▶ [WHAT YOU NEED TO DO] From the entries below, output the line with "Đánh giá: Sau" and each following line up to and including the line with "Cupcakes And Cashmere", exactly as written.

───── INPUT FOR THIS TASK ─────

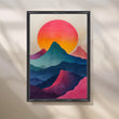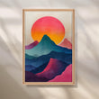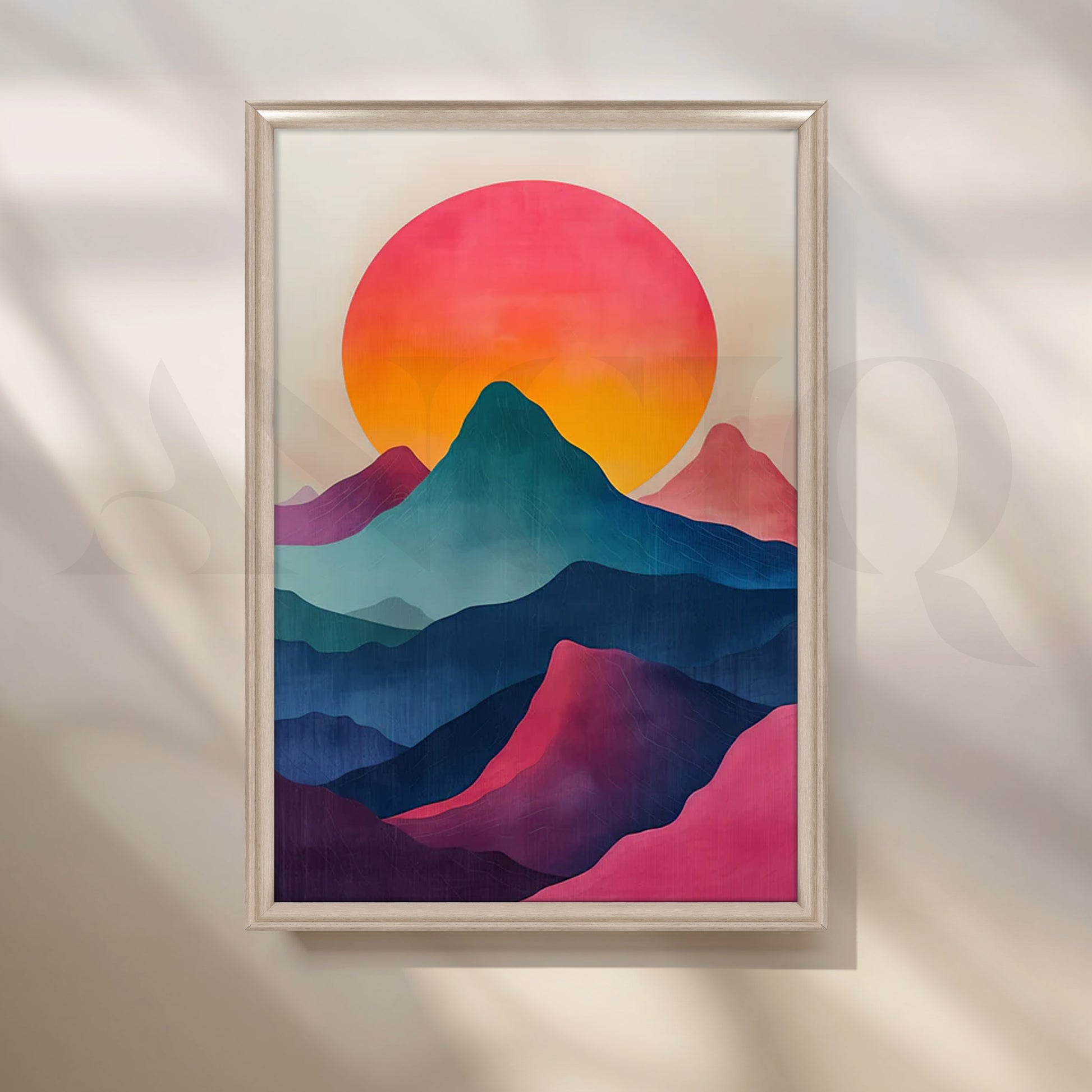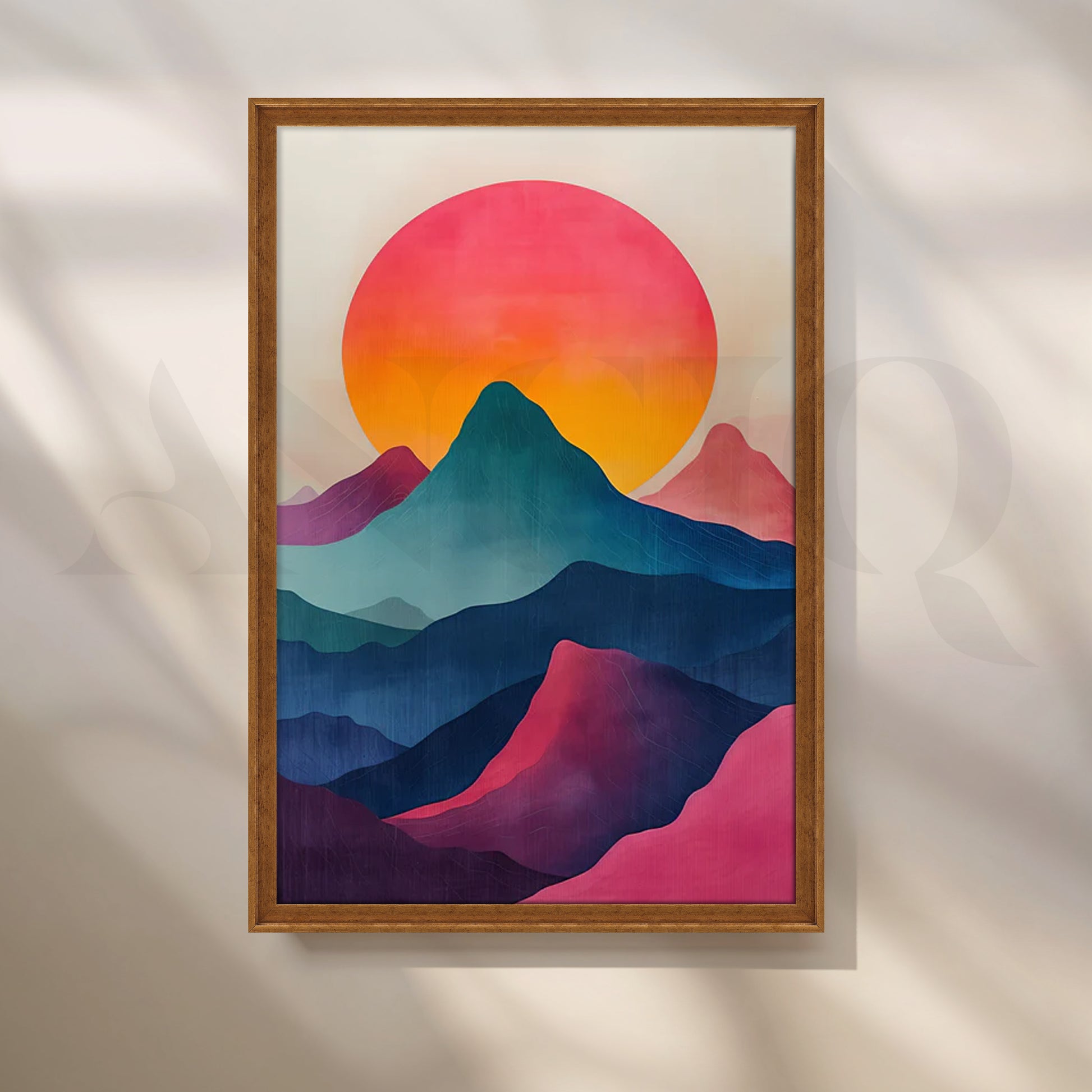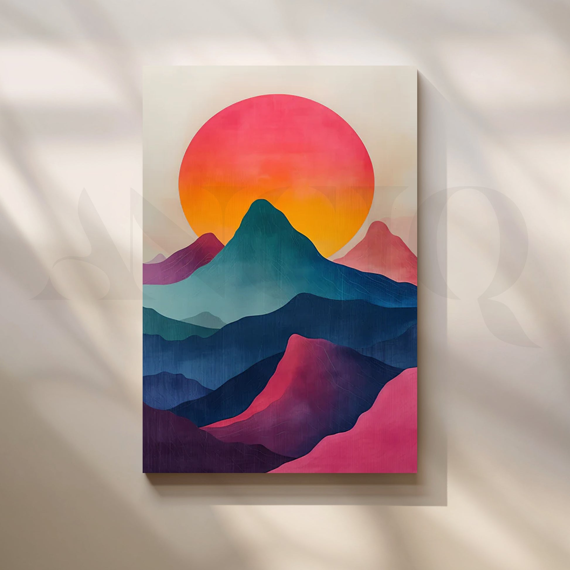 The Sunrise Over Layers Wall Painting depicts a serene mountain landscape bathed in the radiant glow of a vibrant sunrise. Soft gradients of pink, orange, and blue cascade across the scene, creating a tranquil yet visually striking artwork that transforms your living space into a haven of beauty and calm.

─────
───── INPUT FOR THIS TASK ─────

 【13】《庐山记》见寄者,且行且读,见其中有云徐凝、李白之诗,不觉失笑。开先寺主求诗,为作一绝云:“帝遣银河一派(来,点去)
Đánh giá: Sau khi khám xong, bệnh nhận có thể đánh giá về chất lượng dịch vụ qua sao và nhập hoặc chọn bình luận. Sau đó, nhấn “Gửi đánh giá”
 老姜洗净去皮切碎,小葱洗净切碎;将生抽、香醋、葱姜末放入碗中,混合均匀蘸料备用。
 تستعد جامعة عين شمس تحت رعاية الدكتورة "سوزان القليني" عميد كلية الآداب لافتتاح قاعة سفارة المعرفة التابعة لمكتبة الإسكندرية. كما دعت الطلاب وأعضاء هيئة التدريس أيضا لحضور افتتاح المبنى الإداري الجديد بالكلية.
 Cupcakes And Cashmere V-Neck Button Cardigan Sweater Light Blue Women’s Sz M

─────

▶ [TASK OUTPUT]
Đánh giá: Sau khi khám xong, bệnh nhận có thể đánh giá về chất lượng dịch vụ qua sao và nhập hoặc chọn bình luận. Sau đó, nhấn “Gửi đánh giá”
 老姜洗净去皮切碎,小葱洗净切碎;将生抽、香醋、葱姜末放入碗中,混合均匀蘸料备用。
 تستعد جامعة عين شمس تحت رعاية الدكتورة "سوزان القليني" عميد كلية الآداب لافتتاح قاعة سفارة المعرفة التابعة لمكتبة الإسكندرية. كما دعت الطلاب وأعضاء هيئة التدريس أيضا لحضور افتتاح المبنى الإداري الجديد بالكلية.
 Cupcakes And Cashmere V-Neck Button Cardigan Sweater Light Blue Women’s Sz M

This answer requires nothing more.